武帝末,郡國盜賊群起,暴勝之為直指使者,衣繡衣,持斧,逐捕盜賊,督課郡國,東至海,以軍興誅不從命者,威振州郡。勝之素聞不疑賢,至勃海,遣吏請與相見。不疑冠進賢冠,帶櫑具劍,佩環玦,褒衣博帶,盛服至門上謁。門下欲使解劍,不疑曰:“劍者君子武備,所以衛身,不可解。請退。”吏白勝之。勝之開閣延請,望見不疑容貌尊嚴,衣冠甚偉,勝之徙履起迎。登堂坐定,不疑據地曰:“竊伏海瀕,聞暴公子威名舊矣,今乃承顏接辭。凡為吏,太剛則折,太柔則廢,威行施之以恩,然後樹功揚名,永終天祿。”勝之知不疑非庸人,敬納其戒,深接以禮意,問當世所施行。門下諸從事皆州郡選吏,側聽不疑,莫不驚駭。至昏夜,罷去。勝之遂表薦不疑,征詣公車,拜為青州刺史。
久之,武帝崩,昭帝即位,而齊孝王孫劉澤交結郡國豪傑謀反,欲先殺青州刺史。不疑發覺,收捕,皆伏其辜。擢為京兆尹,賜錢百萬。京師吏民敬其威信。每行縣錄囚徒還(3),其母輒問不疑:“有所平反,活幾何人?”即不疑多有所平反,母喜笑,為飲食語言異於他時;或亡(無)所出,母怒,為之不食。故不疑為吏,嚴而不殘。
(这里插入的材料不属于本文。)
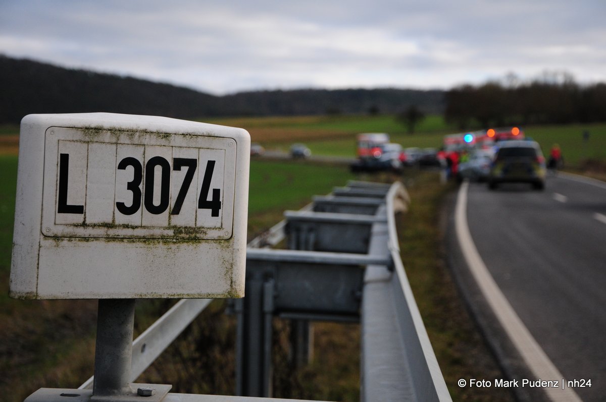 Die L3074 War während der Rettungs- und Bergungsmaßnahmen für rund eine Stunde voll gesperrt.

始元五年,有壹男子乘黃犢車,建黃施,衣黃旐,著黃冒(帽),詣北闕,自謂衛太子。公車以聞,詔使公卿將軍中二千石雜識視。長安中吏民聚觀者數萬人。右將軍勒兵闕下,以備非常。丞相禦史中二千石至者並莫敢發言。京兆尹不疑後到,叱從吏收縛。或曰:“是非未可知,且安之。”不疑曰:““諸君何患於衛太子!昔蒯聵建命出奔,輒距(拒)而不納,《春秋》是之。衛太子得罪先帝,亡不即死,今來自詣,此罪人也。”遂送詔獄。
天子與大將軍霍光聞而嘉之,曰:“公卿大臣當用經術明於大誼(義)。”繇(由)是名聲重於朝廷,在位者皆自以不及也。大將軍光欲以女妻之,不疑固辭,不肯當。久之,以病免,終於家。
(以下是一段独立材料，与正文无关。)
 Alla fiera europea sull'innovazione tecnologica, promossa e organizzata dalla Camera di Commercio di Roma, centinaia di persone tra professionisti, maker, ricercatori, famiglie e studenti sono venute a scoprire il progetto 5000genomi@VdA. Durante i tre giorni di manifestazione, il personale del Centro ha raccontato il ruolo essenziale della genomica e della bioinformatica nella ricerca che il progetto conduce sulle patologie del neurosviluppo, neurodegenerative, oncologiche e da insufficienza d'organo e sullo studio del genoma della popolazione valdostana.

譯文:雋不疑,字曼倩,是渤海郡人。曾研究學習《春秋》,做渤海郡的文學官,壹舉壹動壹定以講求禮儀,在整個渤海郡聞名。
漢武帝末年,渤海郡盜賊蜂擁而起,暴勝之做直指使者,身穿繡衣,手持斧仗儀節,追捕反叛的盜賊,並督促渤海郡賦稅,向東壹直到渤海邊,如果有不服從命令的人,都以軍法論處,威勢震動渤海郡。暴勝之壹向聽說雋不疑賢能,到了渤海郡,就派遣差役邀請雋不疑,和他相見。雋不疑戴進賢帽,帶櫑具劍,佩玉環,穿寬衣,繞長帶,盛服到暴勝之門上拜見。守門的差役想讓他解下腰上配劍,雋不疑說:“劍是有品德人的武裝兵器,是用來保衛自身的,不能謝下。請妳們退下。”差役稟報暴勝之。暴勝之開門迎接雋不疑,遠遠看到雋不疑相貌非常尊貴莊嚴,穿戴十分偉岸,暴勝之快步起身迎接。到廳堂坐定,雋不疑以手按地恭敬地說:“我居住在海邊,聽說您暴公子的威名已經很久了,現在才有幸見到。凡是做官的,如果太剛強就會受挫折;如果太柔和就會被罷免,應該用恩惠來推行威信,然後建立自己的功績,遠揚自己的威名,這樣,就可以永遠享受皇上的俸祿了。”暴勝之知道雋不疑並不是平庸的人,恭敬地采納了他的告誡,深深地用禮儀接待他,詢問當世實行的政策。暴勝之手下各個從事都是從州郡中選拔地優秀官吏,在旁邊聽了雋不疑的說法,沒有不吃驚的。到了夜晚才離開。於是,暴勝之上書推薦雋不疑,皇上用公車征召他,官拜青州刺史。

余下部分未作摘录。